Isadora encarou aqueles lábios desenhados, que não possuíam o menor traço de calor humano.

— Que recado?

— Diga ao Carlos que, se ele já perdeu o interesse no palco que é Rio Belo, o melhor que ele faz é se retirar de cena logo.

Isadora tomou um susto.

A frase parecia inofensiva à primeira vista.

Mas, no fundo, era uma ameaça velada.

--

Naiara descobriu sobre o colapso da família Coelho através do noticiário.

Ela olhou para o homem à sua frente, que brincava com o bebê, exibindo um sorriso radiante no rosto. Suspirou intimamente.

Quem diria que toda aquela destruição havia sido friamente calculada e executada por este homem de aparência tão gentil?

Naiara deixou o celular de lado, caminhou até ele e o abraçou por trás.

— Naquele dia, eu avisei explicitamente ao Breno para não te contar o que aconteceu, mas ele foi correndo relatar.

O resultado foi o caos na família Coelho.

E a saída relâmpago de Isadora da Tecnologia Vitalis.

— Diz aí, como eu devo punir o Breno?

Afonso voltou sua atenção para ela.

Naiara levou um segundo para entender.

— Não é possível?

— É. O seu corpo acabou de se recuperar, você não aguentaria.
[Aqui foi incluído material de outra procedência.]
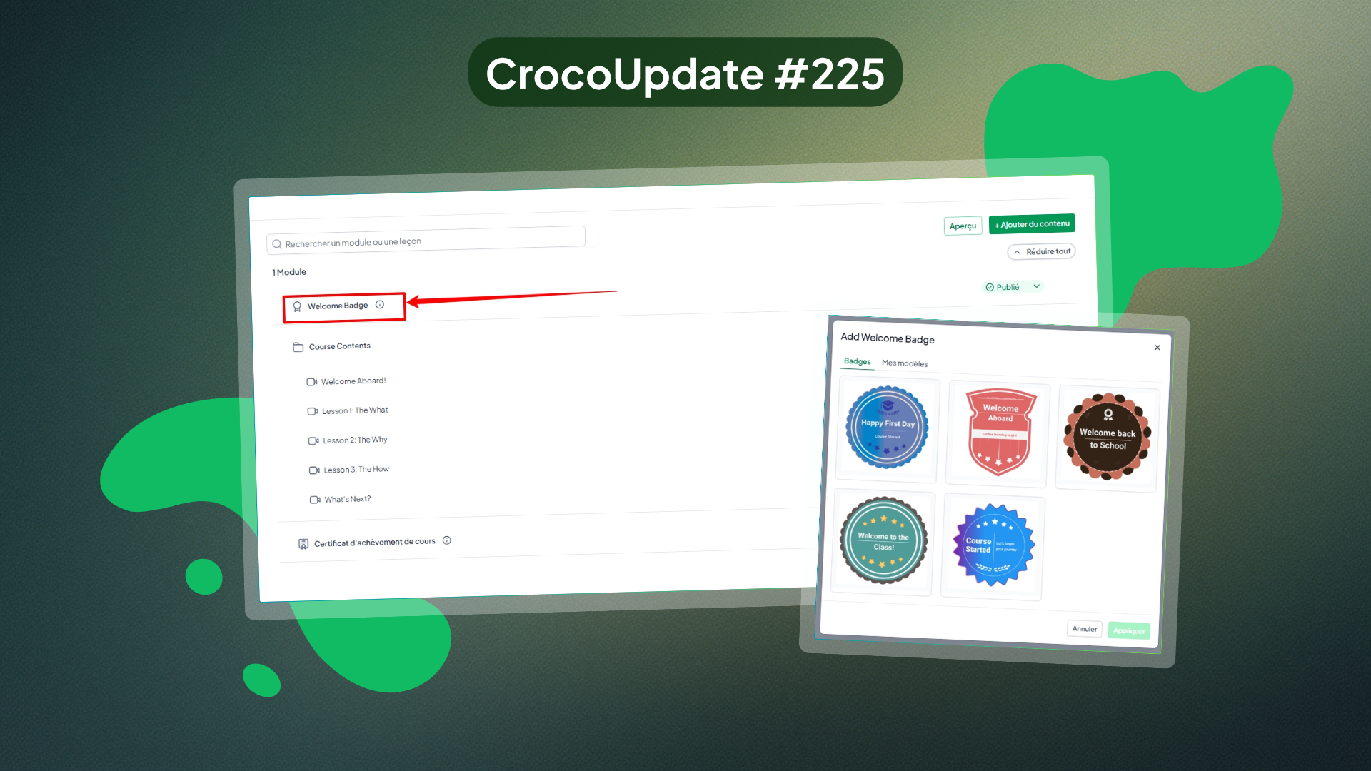 Cette amélioration permet de renforcer l’expérience dès les premières secondes, en accueillant chaque apprenant avec un badge sans effort, tout en gardant une configuration simple et maîtrisée.

Então, teremos que esperar mais um pouco.

Naiara escondeu o rosto na curva do pescoço dele, rindo.

— O que você está dizendo...

Afonso olhou para ela com os olhos transbordando de carinho, exibindo um sorriso indulgente. Inclinou-se e a pegou no colo, sentando-se no sofá com ela.

Naiara entrelaçou os braços no pescoço dele, lançando-lhe um olhar sedutor.

— O que foi?

— Antes de continuarmos esperando, quero provar um pouco dessa doçura agora — respondeu Afonso.

Dito isso, capturou os lábios dela.

Um beijo profundo e envolvente. A respiração de ambos começou a ficar pesada.

Quando a porta do quarto foi empurrada abruptamente, os dois tomaram um susto.

Felícia rapidamente cobriu os olhos de Natália.

— Ai, minha nossa senhora das crianças! Eu não te disse que tem que bater na porta antes de entrar? Olha só para isso.

Natália mostrou a língua, um pouco envergonhada.

— Eu só queria ver o meu irmãozinho logo, fiquei impaciente.

Naiara se levantou do colo de Afonso, caminhou até Natália e segurou a mãozinha dela.